In the **muller_mediation.csv** data, participants were primed with either “might” or “morality” primes and then engaged in a one-trial prisoner’s dilemma with a fictitious partner.

Additionally, participants’ social value orientation (from pro-self and pro-social) was measured. Social value orientation differentiates people in their tendency to cooperate.

Because cooperative behavior is known to be linked to expectations about the other cooperation, participants were asked to report their expectations about other’s cooperation.

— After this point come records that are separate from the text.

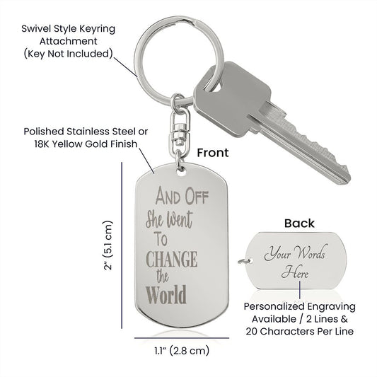 And Off She Went Engraved Dog Tag Keychain
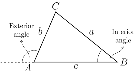 \begin{align} \angle a &= \angle ABC + \angle BCA \\ \angle b &= \angle BAC + \angle BCA \\ \angle c &= \angle BAC + \angle ABC \end{align}The sum of the exterior angles of a triangle is \(360^\circ\).
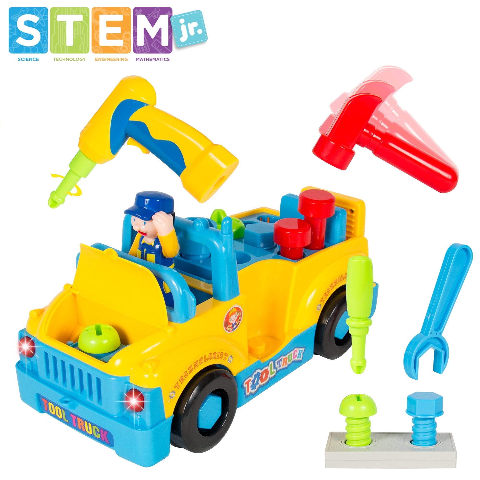 • COMPLETE TRUCK SET: Fun and colorful toy truck comes with an electric toy drill (with 2 attachable tool heads), 3 hand tools, 7 hexagonal/cross screws and nails, a truck driver, and 4 removable wheels
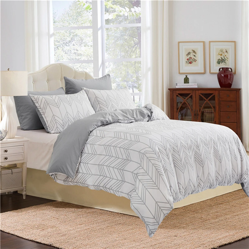 Комплект постельного белья для дома, Простые, с геометрическим рисунком, белые пододеяльники, Королевский размер
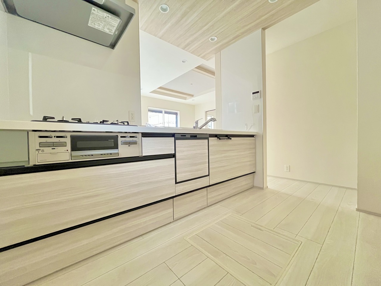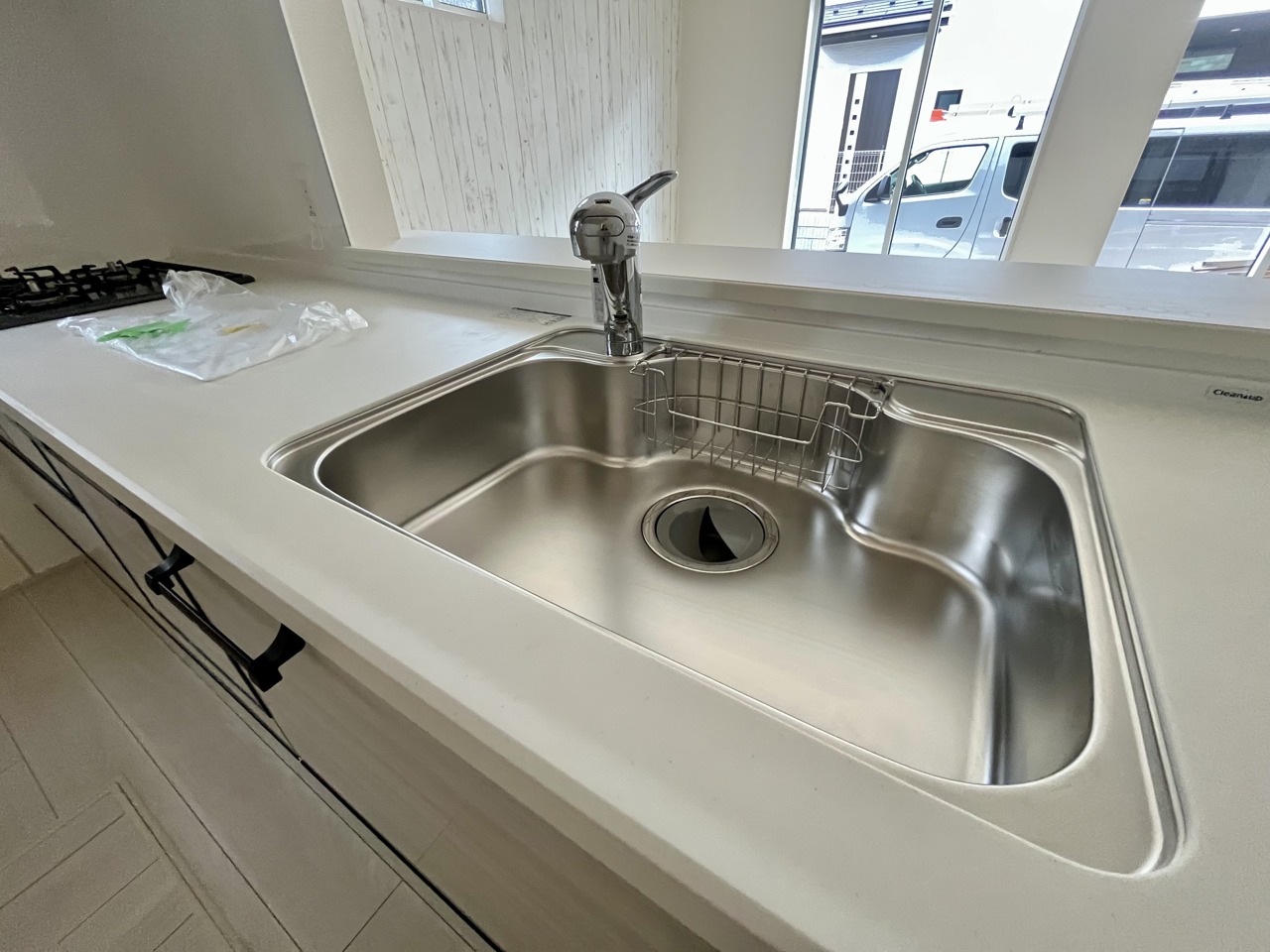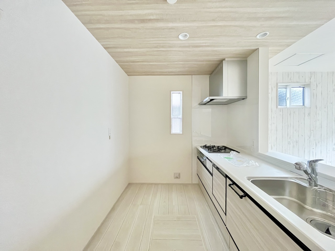 収納量豊富なシステムキッチン。明るい光が差し込む窓も調味料置き場などに役立ちます。カウンターキッチンと違い、背面を広く使えるので自由度が高いのも嬉しいですね。
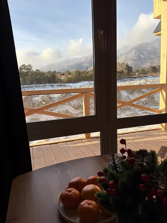 Панорамные виды: из больших окон открывается потрясающий вид на реку и горы.

The aim of the study is to show whether prime has an effect on cooperation, if social value orientation moderates the effect of prime, and if expectations have a mediating role in the experimental effects.
Variables

There are four main variables:
- **prime**: a two-group experimental condition
- **EXP**: expectations about the other cooperation
- **SVO**: continuous measure of social value orientation (higher levels mean more cooperative attitude)
- **BEH**: behavior, the amount of experimental tokens given to the public good by the participant.

---
class: title-slide, middle

## Exercise

Use the **muller_mediation.csv** data located in the module's Loop page under the tile "Lecture Data" (or use the R code provided here below).

Test the following mediation hypothesis: the variable *EXP* explains the relationship between the variable *BEH* (outcome) and *prime* (predictor).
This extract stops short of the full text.